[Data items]

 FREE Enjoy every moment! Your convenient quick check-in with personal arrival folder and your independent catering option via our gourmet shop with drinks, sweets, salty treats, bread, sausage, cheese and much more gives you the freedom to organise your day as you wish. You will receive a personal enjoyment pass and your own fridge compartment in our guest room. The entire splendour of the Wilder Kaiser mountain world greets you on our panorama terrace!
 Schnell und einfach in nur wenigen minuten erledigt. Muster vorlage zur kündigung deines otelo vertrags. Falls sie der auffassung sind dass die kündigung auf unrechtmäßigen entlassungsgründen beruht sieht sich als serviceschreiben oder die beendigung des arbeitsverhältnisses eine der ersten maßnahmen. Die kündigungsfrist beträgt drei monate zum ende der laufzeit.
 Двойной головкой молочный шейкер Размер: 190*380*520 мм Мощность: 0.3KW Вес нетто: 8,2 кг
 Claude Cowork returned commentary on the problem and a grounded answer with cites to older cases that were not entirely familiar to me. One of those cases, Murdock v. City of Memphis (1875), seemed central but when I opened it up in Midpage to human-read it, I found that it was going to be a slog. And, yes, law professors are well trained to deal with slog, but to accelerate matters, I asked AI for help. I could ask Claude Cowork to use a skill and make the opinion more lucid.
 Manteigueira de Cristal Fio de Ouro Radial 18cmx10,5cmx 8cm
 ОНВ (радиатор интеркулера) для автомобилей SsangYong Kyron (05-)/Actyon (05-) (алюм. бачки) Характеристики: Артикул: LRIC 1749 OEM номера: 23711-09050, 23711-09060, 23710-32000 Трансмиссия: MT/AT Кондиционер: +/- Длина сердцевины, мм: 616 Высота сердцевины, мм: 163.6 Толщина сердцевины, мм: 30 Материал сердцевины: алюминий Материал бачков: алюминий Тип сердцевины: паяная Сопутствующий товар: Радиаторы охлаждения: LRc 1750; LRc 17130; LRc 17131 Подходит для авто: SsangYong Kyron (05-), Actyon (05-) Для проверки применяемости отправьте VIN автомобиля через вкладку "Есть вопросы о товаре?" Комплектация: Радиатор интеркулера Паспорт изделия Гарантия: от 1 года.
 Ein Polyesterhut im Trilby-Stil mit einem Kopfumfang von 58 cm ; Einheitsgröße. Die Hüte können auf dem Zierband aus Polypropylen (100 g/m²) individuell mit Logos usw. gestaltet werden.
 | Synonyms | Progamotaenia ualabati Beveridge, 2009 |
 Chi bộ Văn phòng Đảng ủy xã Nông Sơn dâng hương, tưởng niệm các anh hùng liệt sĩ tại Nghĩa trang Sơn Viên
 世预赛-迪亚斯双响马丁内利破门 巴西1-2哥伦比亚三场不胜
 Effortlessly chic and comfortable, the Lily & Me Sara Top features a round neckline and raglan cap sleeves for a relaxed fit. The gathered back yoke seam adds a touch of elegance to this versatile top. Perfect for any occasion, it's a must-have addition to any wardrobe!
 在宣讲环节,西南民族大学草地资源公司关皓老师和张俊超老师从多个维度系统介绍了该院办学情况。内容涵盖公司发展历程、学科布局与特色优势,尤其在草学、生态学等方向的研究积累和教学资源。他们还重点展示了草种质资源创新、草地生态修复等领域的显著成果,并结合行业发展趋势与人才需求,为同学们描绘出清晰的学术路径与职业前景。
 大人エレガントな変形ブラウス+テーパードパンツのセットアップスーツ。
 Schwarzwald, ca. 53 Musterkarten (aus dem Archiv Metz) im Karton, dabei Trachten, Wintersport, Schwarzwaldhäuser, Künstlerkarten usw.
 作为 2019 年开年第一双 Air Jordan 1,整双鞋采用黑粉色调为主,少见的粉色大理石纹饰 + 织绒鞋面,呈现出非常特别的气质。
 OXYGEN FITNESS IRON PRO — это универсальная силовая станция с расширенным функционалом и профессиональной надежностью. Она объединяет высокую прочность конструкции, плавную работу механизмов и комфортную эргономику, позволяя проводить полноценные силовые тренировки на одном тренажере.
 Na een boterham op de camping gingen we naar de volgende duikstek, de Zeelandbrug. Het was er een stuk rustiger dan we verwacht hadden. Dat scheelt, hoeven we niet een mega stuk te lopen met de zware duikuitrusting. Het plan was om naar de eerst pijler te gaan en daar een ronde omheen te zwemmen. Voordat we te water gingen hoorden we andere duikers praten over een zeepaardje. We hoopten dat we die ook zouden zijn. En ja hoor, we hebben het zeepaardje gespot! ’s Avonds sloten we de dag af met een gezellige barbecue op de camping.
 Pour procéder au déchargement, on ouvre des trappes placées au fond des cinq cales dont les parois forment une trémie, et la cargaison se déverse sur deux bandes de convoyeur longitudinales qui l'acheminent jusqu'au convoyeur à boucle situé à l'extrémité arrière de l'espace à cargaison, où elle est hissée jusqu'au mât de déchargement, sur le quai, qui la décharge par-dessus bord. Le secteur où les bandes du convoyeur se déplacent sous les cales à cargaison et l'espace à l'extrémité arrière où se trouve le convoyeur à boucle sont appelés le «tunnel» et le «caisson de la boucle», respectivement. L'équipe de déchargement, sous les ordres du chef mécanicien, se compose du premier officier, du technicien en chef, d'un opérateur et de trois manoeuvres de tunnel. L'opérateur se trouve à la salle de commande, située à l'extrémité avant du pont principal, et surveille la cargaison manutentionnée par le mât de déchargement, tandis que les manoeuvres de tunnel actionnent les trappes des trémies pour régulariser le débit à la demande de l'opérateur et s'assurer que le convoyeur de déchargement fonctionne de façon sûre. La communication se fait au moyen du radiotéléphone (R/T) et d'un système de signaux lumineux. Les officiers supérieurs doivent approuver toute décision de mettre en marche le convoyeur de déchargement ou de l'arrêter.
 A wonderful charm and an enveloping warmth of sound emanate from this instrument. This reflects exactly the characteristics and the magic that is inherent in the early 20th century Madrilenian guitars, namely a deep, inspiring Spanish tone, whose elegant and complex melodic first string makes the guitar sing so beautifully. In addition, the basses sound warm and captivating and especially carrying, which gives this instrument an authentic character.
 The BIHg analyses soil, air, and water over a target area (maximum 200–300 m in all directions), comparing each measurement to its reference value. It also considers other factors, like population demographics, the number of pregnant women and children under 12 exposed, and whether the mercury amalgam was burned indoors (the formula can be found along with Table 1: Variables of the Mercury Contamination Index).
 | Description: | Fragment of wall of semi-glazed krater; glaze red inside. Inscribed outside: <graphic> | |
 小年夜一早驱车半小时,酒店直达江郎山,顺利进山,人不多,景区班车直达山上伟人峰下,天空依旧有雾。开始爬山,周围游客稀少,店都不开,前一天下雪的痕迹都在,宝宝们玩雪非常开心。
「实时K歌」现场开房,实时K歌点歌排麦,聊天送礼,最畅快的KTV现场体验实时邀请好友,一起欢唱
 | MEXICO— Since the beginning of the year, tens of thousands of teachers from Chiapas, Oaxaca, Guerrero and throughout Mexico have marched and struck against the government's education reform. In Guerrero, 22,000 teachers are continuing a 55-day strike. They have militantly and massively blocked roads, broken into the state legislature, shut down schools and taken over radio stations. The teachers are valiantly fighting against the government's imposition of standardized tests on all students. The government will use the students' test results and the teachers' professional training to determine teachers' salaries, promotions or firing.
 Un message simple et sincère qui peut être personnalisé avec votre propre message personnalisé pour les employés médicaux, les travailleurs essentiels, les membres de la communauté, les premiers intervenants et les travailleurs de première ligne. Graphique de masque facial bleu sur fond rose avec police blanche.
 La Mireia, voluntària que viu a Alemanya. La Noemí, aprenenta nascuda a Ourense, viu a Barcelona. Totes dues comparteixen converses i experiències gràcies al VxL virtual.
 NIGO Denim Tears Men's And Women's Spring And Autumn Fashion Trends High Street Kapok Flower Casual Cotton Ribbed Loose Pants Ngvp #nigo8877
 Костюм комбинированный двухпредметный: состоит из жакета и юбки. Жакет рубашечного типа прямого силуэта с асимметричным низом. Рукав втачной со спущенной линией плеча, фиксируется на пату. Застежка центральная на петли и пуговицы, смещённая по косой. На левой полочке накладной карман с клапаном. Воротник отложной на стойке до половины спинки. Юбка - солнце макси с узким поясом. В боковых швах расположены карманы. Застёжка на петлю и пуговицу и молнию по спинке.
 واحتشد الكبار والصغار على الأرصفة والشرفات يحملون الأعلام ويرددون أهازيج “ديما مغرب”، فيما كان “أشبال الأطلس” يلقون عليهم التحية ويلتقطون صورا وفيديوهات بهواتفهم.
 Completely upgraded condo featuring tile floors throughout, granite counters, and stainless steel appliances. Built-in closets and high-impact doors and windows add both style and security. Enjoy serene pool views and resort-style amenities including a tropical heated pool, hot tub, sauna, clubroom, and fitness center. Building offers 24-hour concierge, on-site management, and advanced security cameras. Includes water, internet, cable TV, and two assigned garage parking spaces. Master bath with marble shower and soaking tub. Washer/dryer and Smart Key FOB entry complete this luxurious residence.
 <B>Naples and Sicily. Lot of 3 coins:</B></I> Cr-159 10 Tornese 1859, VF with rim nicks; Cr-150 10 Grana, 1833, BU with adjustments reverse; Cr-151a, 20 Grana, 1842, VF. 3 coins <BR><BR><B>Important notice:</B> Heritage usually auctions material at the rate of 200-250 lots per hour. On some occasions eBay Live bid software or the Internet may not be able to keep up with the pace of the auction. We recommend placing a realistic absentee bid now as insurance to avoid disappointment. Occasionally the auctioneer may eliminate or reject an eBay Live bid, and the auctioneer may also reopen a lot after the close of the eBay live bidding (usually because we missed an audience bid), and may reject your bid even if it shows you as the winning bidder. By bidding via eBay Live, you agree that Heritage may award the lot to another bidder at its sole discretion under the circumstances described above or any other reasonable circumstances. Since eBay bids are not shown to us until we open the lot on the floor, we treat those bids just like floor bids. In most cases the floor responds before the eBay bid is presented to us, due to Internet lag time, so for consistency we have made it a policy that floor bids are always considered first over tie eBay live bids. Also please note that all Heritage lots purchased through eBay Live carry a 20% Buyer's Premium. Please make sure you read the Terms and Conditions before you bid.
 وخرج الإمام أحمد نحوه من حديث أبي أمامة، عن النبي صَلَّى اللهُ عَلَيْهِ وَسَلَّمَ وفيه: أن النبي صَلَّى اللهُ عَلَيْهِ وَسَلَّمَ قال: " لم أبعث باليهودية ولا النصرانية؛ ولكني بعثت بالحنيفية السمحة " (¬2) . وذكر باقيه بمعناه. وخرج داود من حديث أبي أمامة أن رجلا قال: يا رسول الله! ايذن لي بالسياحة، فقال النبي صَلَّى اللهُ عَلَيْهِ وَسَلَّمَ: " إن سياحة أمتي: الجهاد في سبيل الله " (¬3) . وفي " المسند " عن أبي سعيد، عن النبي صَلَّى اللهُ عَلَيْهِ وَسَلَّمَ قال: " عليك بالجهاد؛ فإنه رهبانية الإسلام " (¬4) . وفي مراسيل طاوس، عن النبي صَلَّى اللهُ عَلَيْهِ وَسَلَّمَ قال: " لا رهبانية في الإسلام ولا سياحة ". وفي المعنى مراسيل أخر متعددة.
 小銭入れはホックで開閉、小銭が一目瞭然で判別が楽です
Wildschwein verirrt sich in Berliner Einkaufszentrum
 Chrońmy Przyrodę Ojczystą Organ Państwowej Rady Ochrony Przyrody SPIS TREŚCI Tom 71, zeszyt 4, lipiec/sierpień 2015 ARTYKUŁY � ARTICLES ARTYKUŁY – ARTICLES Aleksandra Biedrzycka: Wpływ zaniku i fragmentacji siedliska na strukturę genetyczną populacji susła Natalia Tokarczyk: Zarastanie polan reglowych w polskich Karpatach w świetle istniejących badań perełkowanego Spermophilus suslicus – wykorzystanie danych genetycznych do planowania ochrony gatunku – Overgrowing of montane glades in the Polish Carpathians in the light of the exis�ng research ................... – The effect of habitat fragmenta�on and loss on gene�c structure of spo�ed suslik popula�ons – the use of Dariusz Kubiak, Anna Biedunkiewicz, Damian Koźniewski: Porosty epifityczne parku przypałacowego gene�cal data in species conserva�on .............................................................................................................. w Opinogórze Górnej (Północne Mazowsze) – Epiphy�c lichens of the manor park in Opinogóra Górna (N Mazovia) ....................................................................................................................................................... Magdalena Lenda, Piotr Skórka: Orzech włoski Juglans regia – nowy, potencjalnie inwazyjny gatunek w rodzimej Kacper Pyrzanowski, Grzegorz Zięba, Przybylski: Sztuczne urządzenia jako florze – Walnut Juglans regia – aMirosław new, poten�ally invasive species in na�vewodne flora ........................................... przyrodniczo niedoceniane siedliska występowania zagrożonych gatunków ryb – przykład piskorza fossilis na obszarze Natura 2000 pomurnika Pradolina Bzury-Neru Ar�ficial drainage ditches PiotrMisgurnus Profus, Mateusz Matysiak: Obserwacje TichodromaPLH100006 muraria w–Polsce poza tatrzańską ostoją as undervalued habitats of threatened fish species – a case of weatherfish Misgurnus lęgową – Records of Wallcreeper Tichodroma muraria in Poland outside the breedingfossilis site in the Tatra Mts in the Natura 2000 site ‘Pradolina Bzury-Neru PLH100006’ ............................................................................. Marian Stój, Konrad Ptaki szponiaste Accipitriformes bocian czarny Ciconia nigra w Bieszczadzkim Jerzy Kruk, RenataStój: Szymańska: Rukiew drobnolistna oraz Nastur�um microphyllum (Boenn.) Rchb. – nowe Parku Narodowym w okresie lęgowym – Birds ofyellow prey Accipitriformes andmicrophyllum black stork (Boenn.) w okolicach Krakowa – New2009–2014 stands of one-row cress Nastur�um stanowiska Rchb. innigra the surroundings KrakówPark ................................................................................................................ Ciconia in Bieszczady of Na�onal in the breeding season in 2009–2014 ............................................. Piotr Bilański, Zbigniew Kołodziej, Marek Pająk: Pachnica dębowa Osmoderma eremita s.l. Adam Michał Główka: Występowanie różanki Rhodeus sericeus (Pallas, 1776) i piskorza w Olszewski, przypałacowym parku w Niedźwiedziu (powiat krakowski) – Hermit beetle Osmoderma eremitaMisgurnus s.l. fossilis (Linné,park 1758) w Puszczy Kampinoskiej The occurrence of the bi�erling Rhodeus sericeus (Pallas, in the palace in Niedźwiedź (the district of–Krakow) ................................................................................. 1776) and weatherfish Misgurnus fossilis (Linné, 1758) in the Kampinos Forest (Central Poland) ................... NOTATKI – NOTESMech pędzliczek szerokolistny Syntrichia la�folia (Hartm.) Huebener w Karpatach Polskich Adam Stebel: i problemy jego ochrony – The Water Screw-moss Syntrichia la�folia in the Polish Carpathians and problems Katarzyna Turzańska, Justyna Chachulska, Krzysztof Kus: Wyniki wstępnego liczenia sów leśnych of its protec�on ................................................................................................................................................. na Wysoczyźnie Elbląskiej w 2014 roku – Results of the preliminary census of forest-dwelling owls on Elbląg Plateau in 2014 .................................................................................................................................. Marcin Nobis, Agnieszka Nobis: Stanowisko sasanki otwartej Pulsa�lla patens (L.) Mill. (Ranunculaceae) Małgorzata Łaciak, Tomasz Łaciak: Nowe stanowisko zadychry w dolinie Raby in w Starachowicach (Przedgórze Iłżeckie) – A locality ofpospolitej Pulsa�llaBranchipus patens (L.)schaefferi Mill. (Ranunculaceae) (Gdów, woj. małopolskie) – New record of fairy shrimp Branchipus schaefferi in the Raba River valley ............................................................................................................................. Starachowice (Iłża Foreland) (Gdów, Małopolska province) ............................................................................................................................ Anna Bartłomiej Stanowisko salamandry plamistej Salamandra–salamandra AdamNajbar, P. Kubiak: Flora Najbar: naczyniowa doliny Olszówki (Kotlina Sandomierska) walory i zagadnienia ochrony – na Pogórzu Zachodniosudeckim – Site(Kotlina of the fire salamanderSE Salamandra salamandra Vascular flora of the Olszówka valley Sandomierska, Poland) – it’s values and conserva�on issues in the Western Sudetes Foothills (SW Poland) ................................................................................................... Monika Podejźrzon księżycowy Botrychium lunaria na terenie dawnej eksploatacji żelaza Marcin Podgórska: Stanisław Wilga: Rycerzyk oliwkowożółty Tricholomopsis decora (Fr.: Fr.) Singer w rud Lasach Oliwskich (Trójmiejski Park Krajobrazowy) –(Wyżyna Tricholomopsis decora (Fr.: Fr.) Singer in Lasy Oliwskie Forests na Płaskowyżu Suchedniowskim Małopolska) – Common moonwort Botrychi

» **Exercise directions**
Could you restate, word for word, the lines above from the one with "Schnell und einfach" to the one with "Двойной головкой молочный", both included?

» **Answer box**
 Schnell und einfach in nur wenigen minuten erledigt. Muster vorlage zur kündigung deines otelo vertrags. Falls sie der auffassung sind dass die kündigung auf unrechtmäßigen entlassungsgründen beruht sieht sich als serviceschreiben oder die beendigung des arbeitsverhältnisses eine der ersten maßnahmen. Die kündigungsfrist beträgt drei monate zum ende der laufzeit.
 Двойной головкой молочный шейкер Размер: 190*380*520 мм Мощность: 0.3KW Вес нетто: 8,2 кг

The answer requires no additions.